• **EXERCISE PROMPT**
When you copy the data that follows, reproduce every word exactly and leave out the images.

• **STORED DATA**

>>

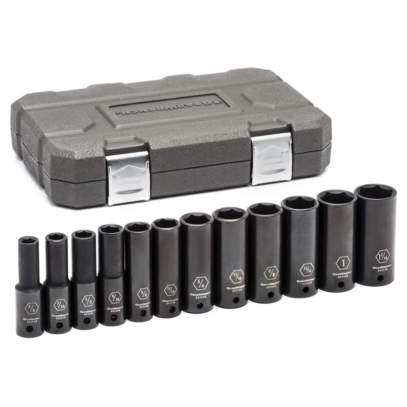 GEARWRENCH 84942N 12 Piece 1/2 Inch Drive Impact Socket Set Deep SAE
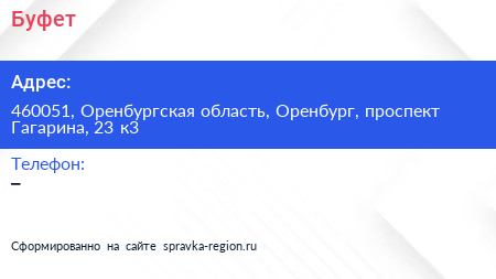 Буфет по адресу 460051, Оренбургская область, Оренбург, проспект Гагарина, 23 к3 в дальнейшем Организация, размещена в следующих категориях:
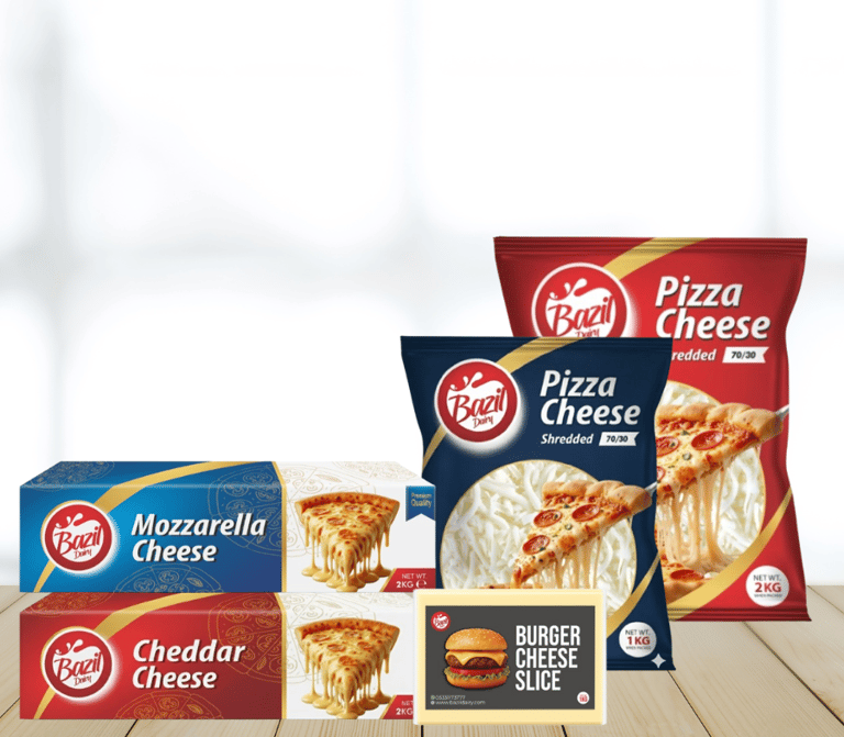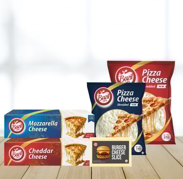 Bazil Dairy delivers premium cheese products crafted for taste, quality, and convenience. Our pizza cheese is available in 1 kg and 2 kg packs, offering the perfect melt and stretch for restaurants, bakeries, and home kitchens. We also provide high-quality cheddar and mozzarella cheese blocks, ideal for slicing, shredding, and cooking across a variety of dishes. For quick-use applications, our burger cheese slices offer consistent flavor, smooth texture, and easy handling—perfect for burgers, sandwiches, and fast food menus. With hygienic packaging and reliable freshness, Bazil Dairy ensures every product meets professional standards and culinary needs

<<

• **WRITTEN SOLUTION**
 GEARWRENCH 84942N 12 Piece 1/2 Inch Drive Impact Socket Set Deep SAE
 Буфет по адресу 460051, Оренбургская область, Оренбург, проспект Гагарина, 23 к3 в дальнейшем Организация, размещена в следующих категориях:
 Bazil Dairy delivers premium cheese products crafted for taste, quality, and convenience. Our pizza cheese is available in 1 kg and 2 kg packs, offering the perfect melt and stretch for restaurants, bakeries, and home kitchens. We also provide high-quality cheddar and mozzarella cheese blocks, ideal for slicing, shredding, and cooking across a variety of dishes. For quick-use applications, our burger cheese slices offer consistent flavor, smooth texture, and easy handling—perfect for burgers, sandwiches, and fast food menus. With hygienic packaging and reliable freshness, Bazil Dairy ensures every product meets professional standards and culinary needs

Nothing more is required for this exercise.